What this task involves =>
Task for the records below: copy exactly from the first line on, stopping once the line with "但今天在举止现场见到他本东说" is copied, and leave out the pictures.

>>>

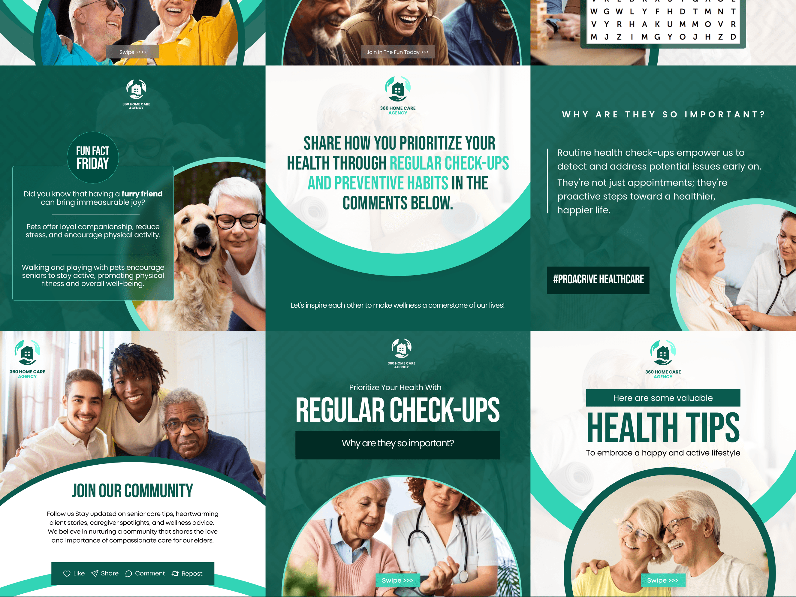 I worked on these social media designs for 360 Home care agency - A health care brand dedicated to providing compassionate, reliable, and personalized care for seniors and individuals in need.
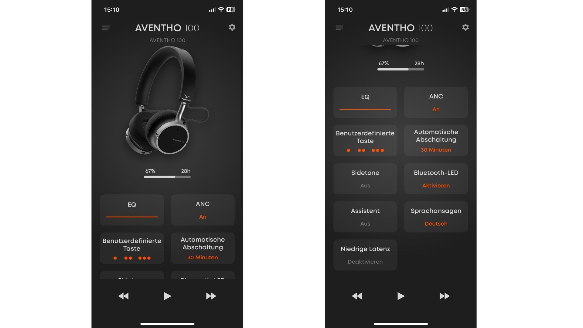 Über die App steuerst Du unter anderem Equalizer, ANC-Modi, Tastenbelegung, automatische Abschaltung, Sidetone für Telefonate, Bluetooth-LED, Sprachassistent und Sprachansagen.
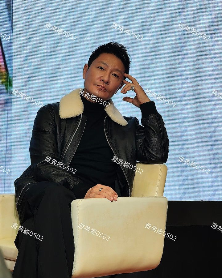 但今天在举止现场见到他本东说念主,四十九岁的他衣着毛领夹克和白色板鞋,固然打扮的很前锋很年青,但苹果肌较着很高,说话的技巧脸上的色调实在不动很是不当然。
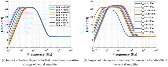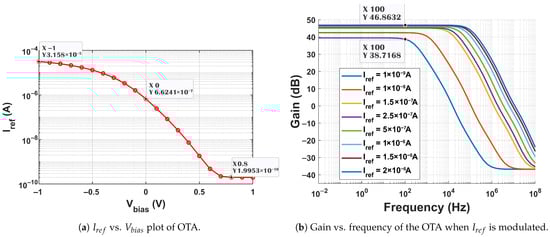 Figure 17 shows the effect of modulating the of the OTA, which results in modulation. When the is varied from −1 to 1 V, the reference current is modulated from 31.5 A to 0.2 nA. The reference current () modulation (1 nA–2 A) changes the gain of the amplifier from 46.86 to 38.71 dB. This modulating feature is particularly desirable for post-fabrication tuning. Simulations reveal further that when the reference current is varied from 1 nA to 1 A, the GBW is varied from 15.51 kHz to 6.25 MHz. For the same variation, the ranges from 227.69 Hz to 60.4 kHz.
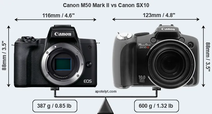 La taille physique et le poids du Canon M50 Mark II et du Canon SX10 sont illustrés dans le graphique ci-dessous. Les deux caméras sont affichées en fonction de leur taille relative. Toutes les dimensions sont arrondies au millimètre près.
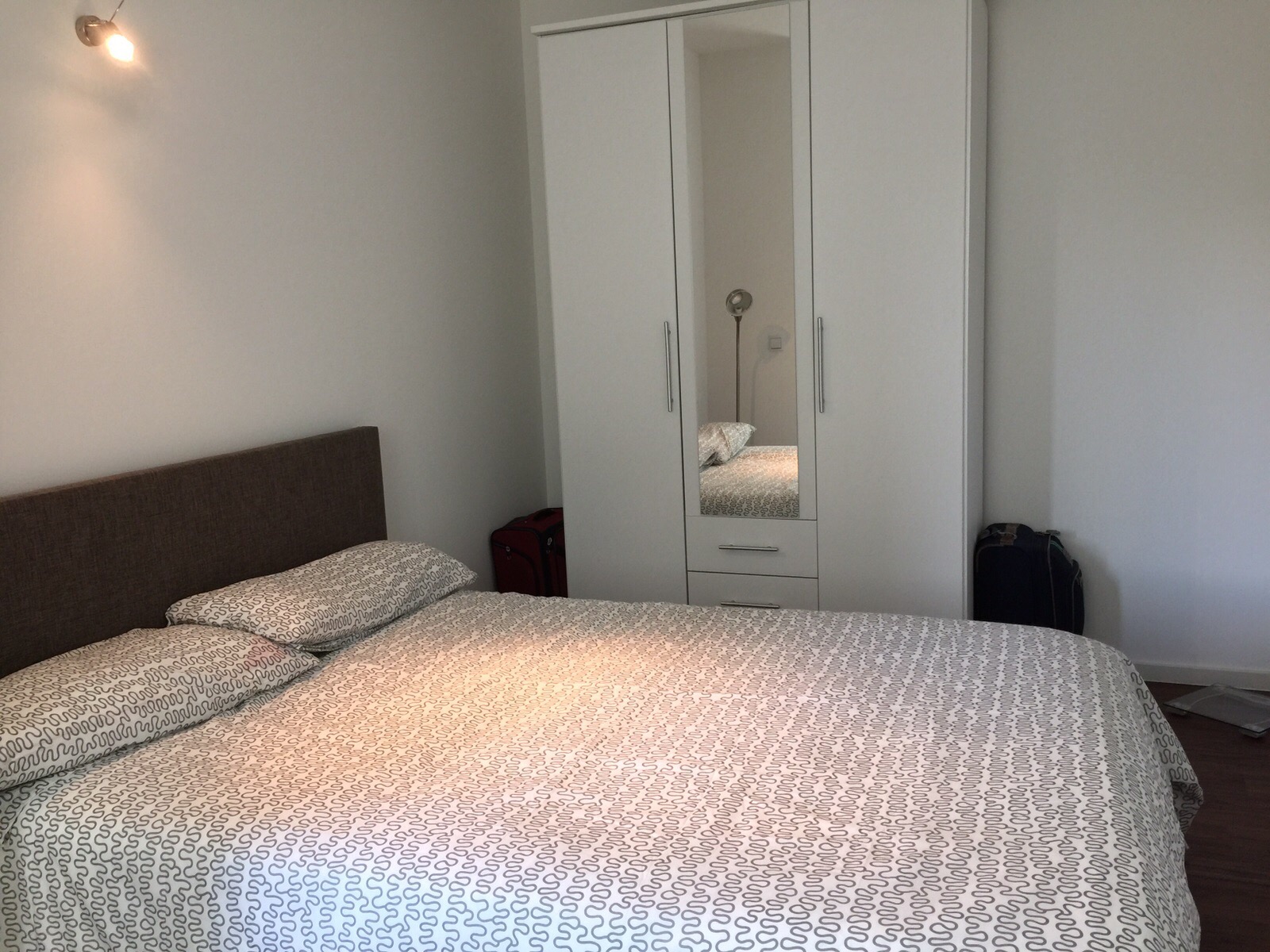 O quarto é muito bom. A cama é confortável e o armário é muito prático. No cantinho do quarto colocamos a balança para controlar o nosso peso. Tenho que maneirar no Kartoffel Salat!
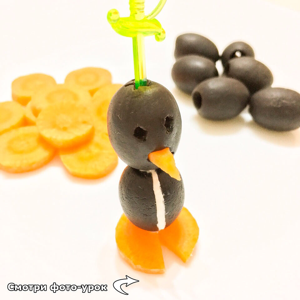 Всем здравствуйте. На связи Оксана и сегодня будем делать забавного пингвина из оливок. Начнем.
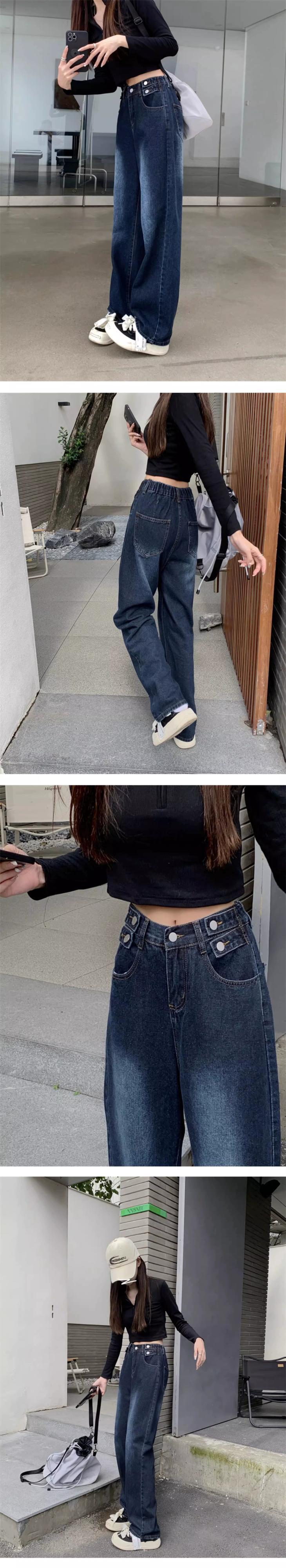 プラスサイズの女性の 2023 ファットシスター秋レトロワイドレッグジーンズ痩身ルーズストレートパンツ 大きめサイズ オータム 秋物 ワイドパンツ 8884131140318788
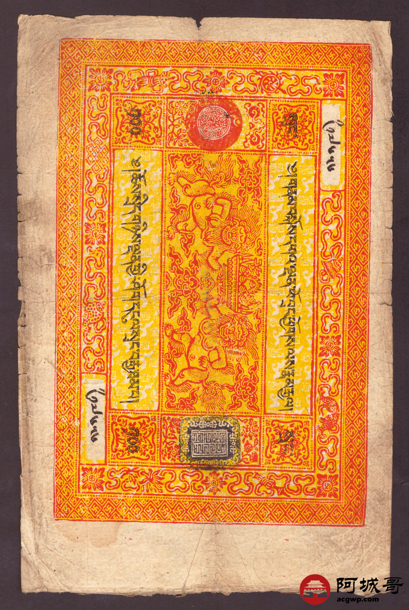 Lot:78 西藏老纸币 100两 原汁原味
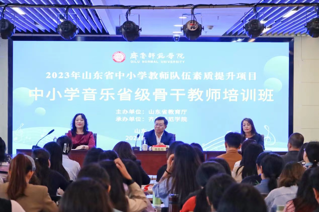 10月9日,山东省中小学音乐骨干教师培训班开班典礼在济南举行。齐鲁师范学院党委书记林松柏教授、音乐学院院长万梅红教授、培训工作组成员以及培训班全体学员出席开班仪式。仪式由音乐学院副院长桑潇教授主持。
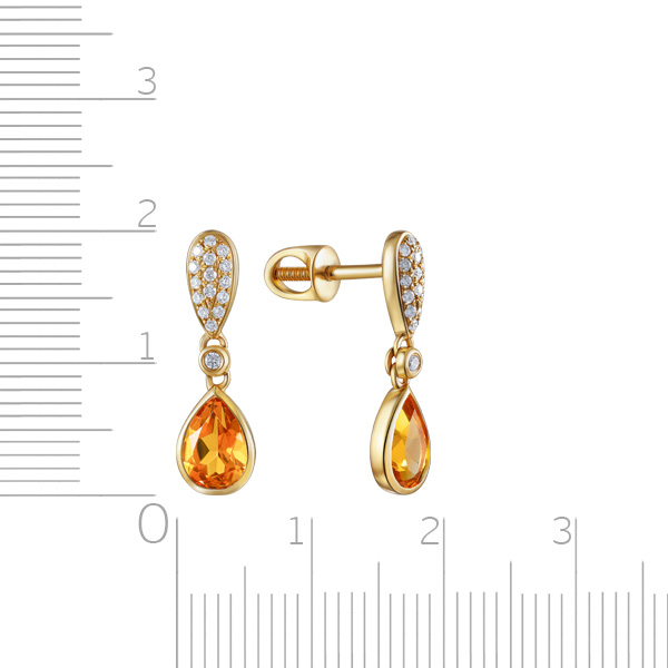 Пусеты из желтого золота с бриллиантами и цитринами 450275
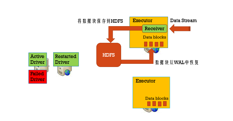 此时我们可以把Driver给恢复回来,可是Driver宕机导致Executor的内存中存在的数据也一并丢失掉了,所以我们也得对这部分数据进行一些容错机制
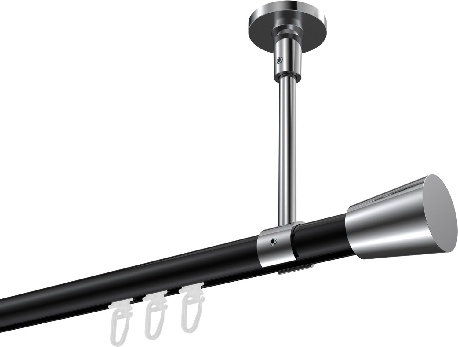 Gardinenstangen mit Innenlauf aus Aluminium / Metall in 20 mm Ø, 1-läufig, Modell SONETTE - Sitra Schwarz / Chrom
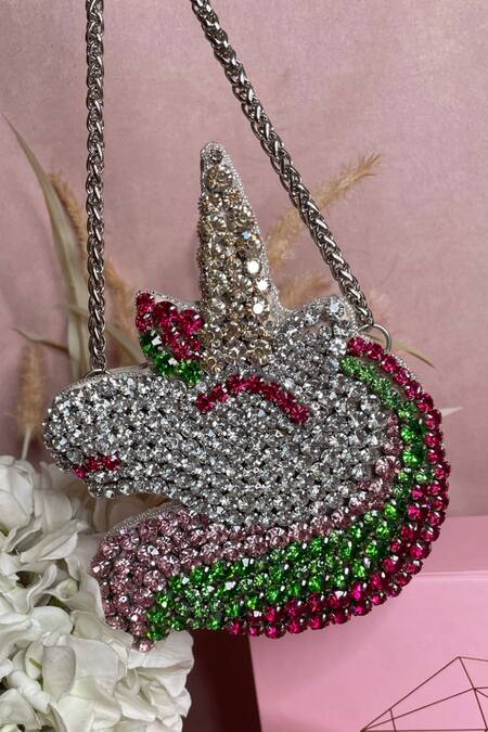 Pink unicorn shaped mini bag featuring rhinestone studded embroidery
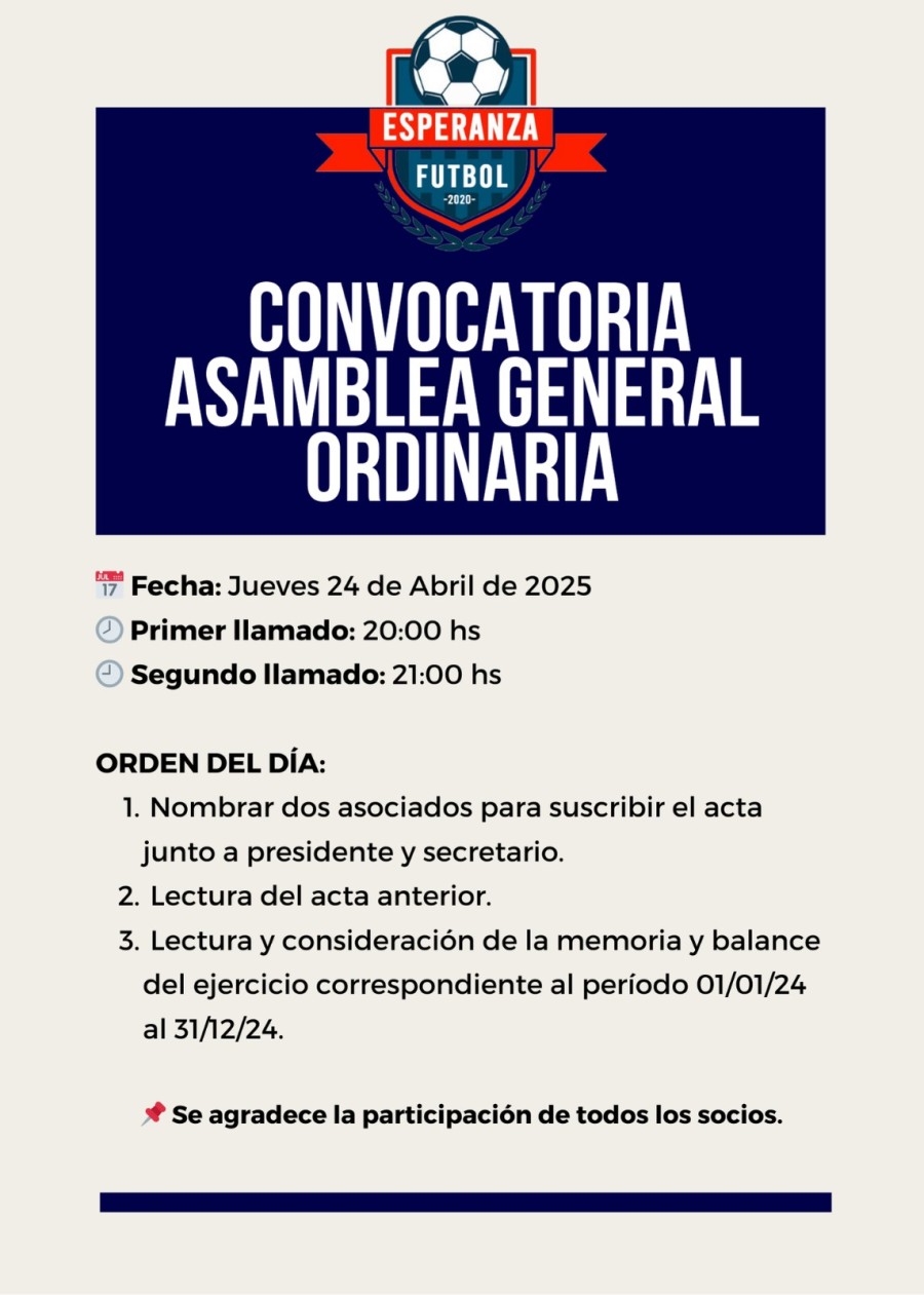 El Club Esperanza Fútbol de nuestra ciudad, convoca a la asamble general ordinaria para el jueves 24 de abril a las 20 horas con el primer llamado y 21 hs para el segundo llamado con el siguiente orden del día.
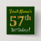 Este simples design de botão quadrado apresenta uma mensagem como "57º Aniversário do Primeiro Nome!", com o "57º" a ter uma aparência falsa/imitada de cor dourada, num fundo de cor verde. O nome pode ser personalizado. Botões como esses talvez pudessem ser vestidos por convidados numa festa de aniversário para alguém que comemora seus cinquenta e sete anos de aniversário, onde a festa está sendo realizada em uma grande área com muitas outras pessoas presentes (como um parque urbano ou um parque temático). [~Z0000163]
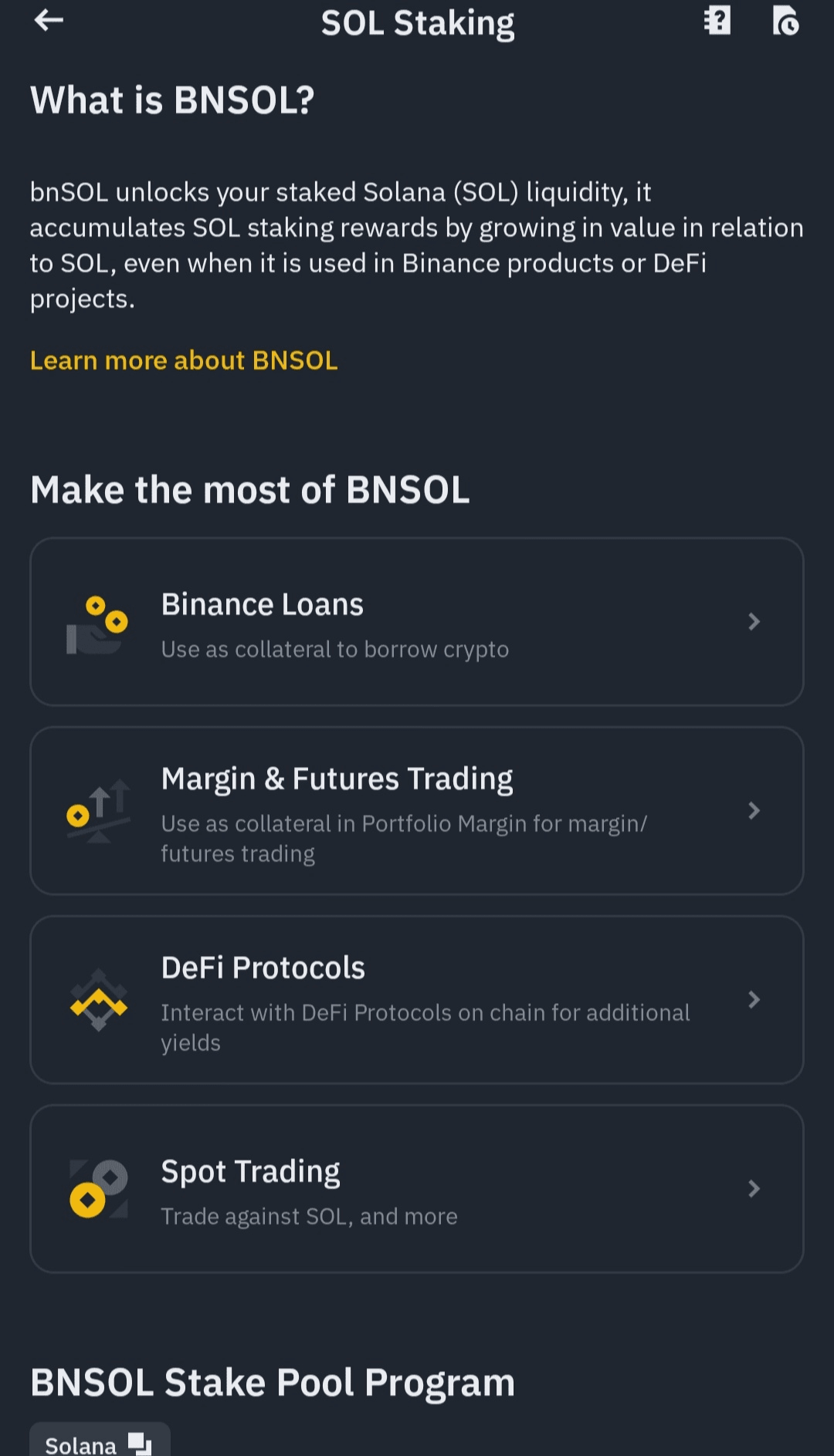 2. Recherchez “BNSOL” dans la section Earn ou Staking.
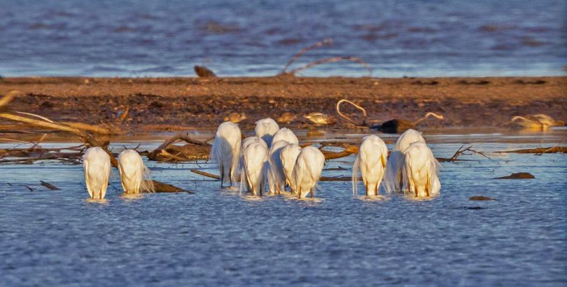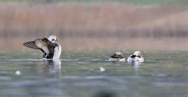 Im flachen Wasser hatten sich aber über 30 Silberreiher zum Schlafen versammelt. Ein vorbeifliegender Höckerschwan störte kurz und einige Köpfe wurden sichtbar. Als feststand, dass keine Gefahr drohte, verschwanden die Köpfe der Reiher wieder unter ihren Flügeln. Die kopflos scheinenden Reiher ruhten noch eine halbe Stunde, bis sie von der Morgensonne gewärmt zu ihren Tagesziel aufbrachen. Mehrere Stockentenerpel landeten vor dem Beobachtungsturm und warben eifrig schnatternd um die Enten. Zwei Erpel kämpften ausdauernd um das allerdings teilnahmslos wirkende Weibchen.

<<<

Expected output =>
 I worked on these social media designs for 360 Home care agency - A health care brand dedicated to providing compassionate, reliable, and personalized care for seniors and individuals in need.
 Über die App steuerst Du unter anderem Equalizer, ANC-Modi, Tastenbelegung, automatische Abschaltung, Sidetone für Telefonate, Bluetooth-LED, Sprachassistent und Sprachansagen.
 但今天在举止现场见到他本东说念主,四十九岁的他衣着毛领夹克和白色板鞋,固然打扮的很前锋很年青,但苹果肌较着很高,说话的技巧脸上的色调实在不动很是不当然。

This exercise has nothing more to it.